Is it normal for one person’s happiness to be dependent on another person? Isn’t that co-dependent?
In my last two blog posts I addressed codependency. I explained that a key to understanding co-dependency is that while one person does something destructive, the other person benefits in some way.
Another key point is that the other person may be acting out of fear rather than love, and I gave some examples of what it would look like to cater to another person out of love or even patience. In these latter cases, I wouldn’t call the situation one of co-dependency.
Finally, I wondered whether consistently putting oneself last is a sign that you are out of touch with yourself. If you are, then it is just easier to cater to someone else then to figure out what you want yourself.
There’s another aspect to this question. Suppose two people are so dedicated to one another that they wouldn’t dream of making a plan to go to the movies or out to lunch without discussing it with the other person. Suppose this couple is so tied to one another that after they have grown old and one passes away, the other person’s world falls apart. Is that co-dependency?
No. That is healthy. That is just as it should be.
See, there’s something to love that goes beyond feeling for one another. It’s about wanting to give to one another. It’s about feeling connected and wanting to maintain that connection. It’s about caring for the well-being of another to the same degree as you care for yourself.

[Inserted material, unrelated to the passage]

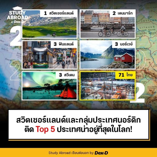 สวัสดีครับชาว Dek-D คราวก่อนพี่ปุณพาน้องๆ ไปดู Top10 เมืองน่าเรียนที่สุดในโลกมาแล้ว สำหรับวันนี้ พี่วุฒิ จะพาไปส่องอันดับ "ประเทศน่าอยู่ที่สุดในโลก ประจำปี 2022" กันบ้างครับ เผื่อเป็นประโยชน์สำหรับน้องๆ ที่กำลังตัดสินใจจะโยกย้ายไปเรียนต่อ ทำงาน หรือใช้ชีวิตในต่างแดน ไปดูกันว่ามีประเทศในฝันของเราติดโผบ้างมั้ยนะ?

And it’s also about balancing this feeling and this giving with allowing the other person space.
What would that look like?
- Your partner goes on a business trip. You miss him but you’re happy for him to be out there accomplishing things.
- Your partner wants to go to a bang-bang shoot ‘em up movie and you hate them. You go anyway to give him company.
- You enjoy chick flicks and your partner, who sometimes falls asleep at them, tells you he nevertheless would enjoy taking you because he likes to see you happy.
- Your partner is seriously ill in the hospital and you feel as if the world came to an end. You can go home, function, go to work, take care of the kids, but you can’t help but feel worried and lost.
Having a relationship of interdependence means each person feels like a person in his or her own right and yet the other person adds a dimension that only she or he can fill. I think this is exactly how human beings were meant to pair off. Although each person is whole, the other is somehow part of oneself.
If all the other criteria for co-dependency discussed in previous posts are not there, then if you and your spouse feel this kind of close tie to one another, consider yourselves fortunate.